START PROVIDED RECORDS
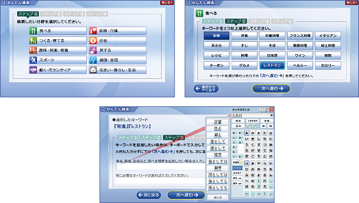 どんな言葉で検索したら良いのかわからない、文字入力が苦手という方にオススメ。表示された言葉から選んでタッチしていくだけで、インターネット上にある知りたい情報にたどり着くことがきます。 |
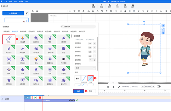 新建工程,在画布中添加带有走路动作的角色,选择【+】添加强调效果,弹出默认窗口选择【移动】,移动速度选择右侧【匀速】效果,点击【确定】。
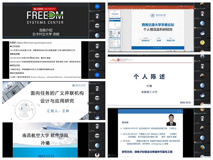 接着,参加论坛的学者进行交流讨论。来自北卡罗莱纳州立大学的涂皓博士介绍自己的学习经历与科研成果,主要研究方向为微电网分布式控制算法等方面;来自香港理工大学的赵景新博士介绍了自己的工作经厉、教育背景、论文发表情况等,他的研究方向为锌离子电池、织物器件及3D打印器件构建与应用。此外,北京交通大学王林博士、南昌航空大学冷璐教授、华中科技大学余兆函博士、香港理工大学叶琳博士、英国拉夫堡大学梁水保博士等也进行了个人情况、研究方向和科研成果分享。
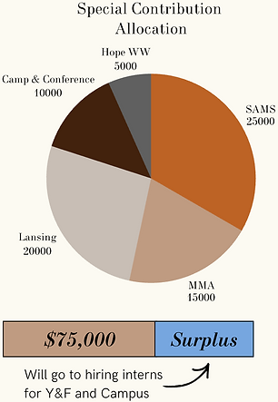 If we were able to raise that to $15K a week we would be able to responsibly add another campus staff couple to lead the Wayne State campus ministry.
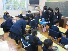 昨日、1年生と2年生で学校探検がおこなわれました。グループごとに2年生が1年生を案内しながら学校を全部まわりました。校長室では歴代の校長先生の写真を見たり、理科室でメダカに夢中になったりと楽しい探検だったようです。2年生も、お兄さん・お姉さんぶりを発揮して上手に案内していたようです。全部の部屋を覚えられたかな?
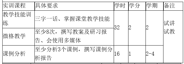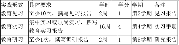 校外实践包括教育见习、教育实习、教育研习。实践教学时间原则上不少于1学年,其中校外集中实践不少于1学期。教育见习1学分,第2学期完成,包括观摩教育教学活动、听课、旁听教研活动,各类活动总数不少于10次。教育实习4学分,第4学期完成,包括试讲、教研、讲课、学生管理、课题研究等活动,各类活动总数不少于40次。教育研习1学分,贯穿实践教学全过程,第5学期撰写1份不少于3000字的教育研习报告,由导师进行考核评价。
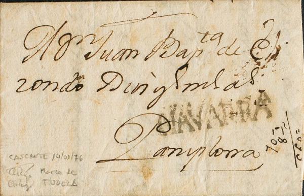 1776. CASCANTE to PAMPLONA. NAVARRA brand, from Tudela (PE5) 2004 edition. MAGNIFICENT AND RARE.
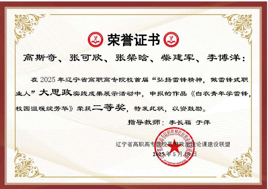为深入贯彻习近平总书记在辽宁考察时的重要讲话和重要指示精神,大力弘扬辽宁“红色六地”文化,贯彻落实省委教育工委、省教育厅作出的《关于组织开展“弘扬雷锋精神,奋斗成就梦想”2025年春季学期“开学第一课”活动的通知》要求,在第62个学雷锋纪念日到来之际,辽宁省高职高专院校思想政治理论课建设联盟面向全省高职高专院校(包括本科院校高职专科)大学生开展了“弘扬雷锋精神 做雷锋式职业人”实践教学成果主题作品征集及展示汇报活动。活动历时两个多月,结果现已揭晓,我校选送作品喜获二、三等奖各两项。
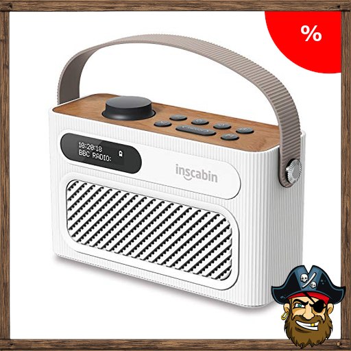 Inscabin M60 Tragbarer DAB/DAB + FM-Digitalradio/Tragbarer drahtloser Lautsprecher mit Bluetooth/Stereo-Sound/Doppellautsprecher/Doppelwecker/Subwoofer/Akku/Schönes Design (Weiß) Pirate:-Deals
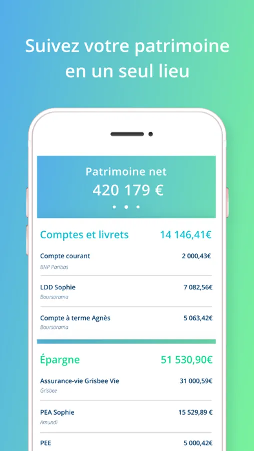 L’application mobile Grisbee est la 1ère application, gratuite et sécurisée, qui vous permet de suivre l'ensemble de votre patrimoine et de bénéficier de conseils personnalisés.
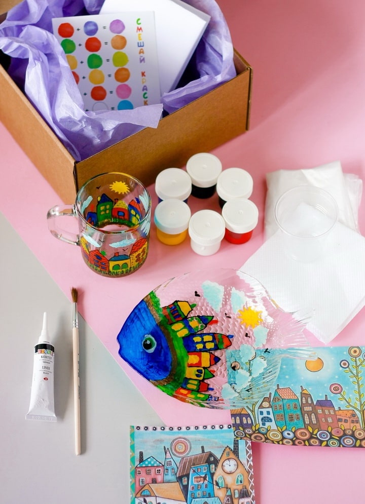- 6 баночек краски по стеклу (черная, белая, синяя, красная, желтая, зеленая, по 10 мл)
END PROVIDED RECORDS
- _YOUR GOAL_
What you return must match, character for character, the lines above from the one with "If we were able" through the one with "1776. CASCANTE to", minus any pictures.

- _SOLUTION BELOW_
 If we were able to raise that to $15K a week we would be able to responsibly add another campus staff couple to lead the Wayne State campus ministry.
 昨日、1年生と2年生で学校探検がおこなわれました。グループごとに2年生が1年生を案内しながら学校を全部まわりました。校長室では歴代の校長先生の写真を見たり、理科室でメダカに夢中になったりと楽しい探検だったようです。2年生も、お兄さん・お姉さんぶりを発揮して上手に案内していたようです。全部の部屋を覚えられたかな?
 校外实践包括教育见习、教育实习、教育研习。实践教学时间原则上不少于1学年,其中校外集中实践不少于1学期。教育见习1学分,第2学期完成,包括观摩教育教学活动、听课、旁听教研活动,各类活动总数不少于10次。教育实习4学分,第4学期完成,包括试讲、教研、讲课、学生管理、课题研究等活动,各类活动总数不少于40次。教育研习1学分,贯穿实践教学全过程,第5学期撰写1份不少于3000字的教育研习报告,由导师进行考核评价。
 1776. CASCANTE to PAMPLONA. NAVARRA brand, from Tudela (PE5) 2004 edition. MAGNIFICENT AND RARE.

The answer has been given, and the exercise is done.